Question

What is the wavelength of light that has a frequency of\[1.20{\text{ }} \times {\text{ }}{10^{13}}{\text{ }}{s^{ - 1}}\]?

Answer 1

Hint: The reason is, colours are nothing but electromagnetic radiations with a different wavelength of light. In the electromagnetic spectrum, the visible region is otherwise called visible light. These colours have different wavelengths too.


Formula used:
The relationship between frequency and wavelength for an electromagnetic wave is given by
\[c = f{\text{ }}\lambda \]———–(i)
Where,
$c$ is the velocity of light
$f$ is the frequency of light
$\lambda $ is the wavelength of the light

Complete step by step solution:
Wavelength is defined as the property of a wave in which the distance between the identical points between the two successive waves is calculated. It is denoted by the Greek letter lambda (λ).
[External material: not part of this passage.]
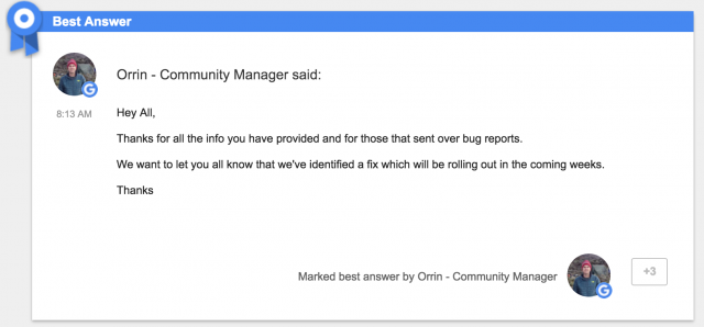 After some lengthy back and forth with those affected, a Google community manager has updated the thread to let those affected know that a fix will be rolling out soon.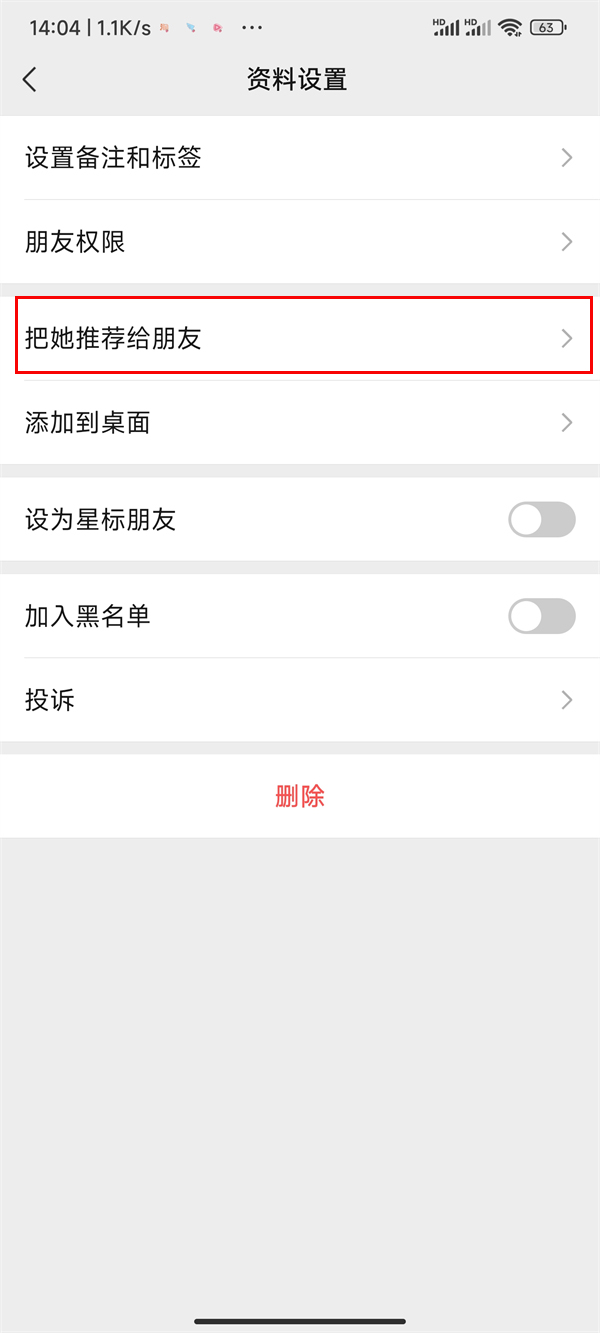 ️直接通过好友主页把她推荐给另一个朋友方法:

Therefore, the distance between either one crest or trough of one wave and the next wave is known as wavelength.
The wavelength of light is defined as “The distance between the two successive crests or troughs of the light wave”.
Wavelength of the Visible Light ranges between \[400{\text{ }}nm\]to \[700{\text{ }}nm\]and here we come to know the wavelength of various colours of the visible spectrum of light.
The spectrum of visible light has about numerous different colours having different wavelengths.
The violet colour is said to have the shortest form of wavelength whereas red colour is said to have the longest wavelength.
Frequency of the given light \[ = {\text{ }}f = {\text{ }}1.20{\text{ }} \times {\text{ }}{10^{13}}{\text{ }}{s^{ - 1}}\]
We need to find out the wavelength (λ) of the given light.
To find the wavelength of the given light we will substitute the known values in equation (i) we get,
\[c = f{\text{ }}\lambda \]
$c = 3 \times {10^8}m{s^{ - 1}}$
\[f = {\text{ }}1.20{\text{ }} \times {\text{ }}{10^{13}}{s^{ - 1}}\]
λ we need to find out
Therefore the equation becomes
\[\begin{array}{*{20}{l}}
  {3{\text{ }} \times {{10}^8} = {\text{ }}1.20{\text{ }} \times {\text{ }}{{10}^{13}} \times {\text{ }}\lambda } \\
  {\lambda = {\text{ }}3{\text{ }} \times {\text{ }}{{10}^8}{\text{ }}/{\text{ }}1.20{\text{ }} \times {\text{ }}{{10}^{13}}}
\end{array}\]
\[ = {\text{ }}2.5{\text{ }} \times {10^{ - 5m}}\]
Hence, the wavelength of light that has a frequency of \[1.20{\text{ }} \times {\text{ }}{10^{13}}{\text{ }}{s^{ - 1}}is{\text{ }}2.5{\text{ }} \times {\text{ }}{10^{ - 5m}}\]

Note: Wavelength can be defined as the distance between two successive crests or troughs of a wave. It is measured in the direction of the wave.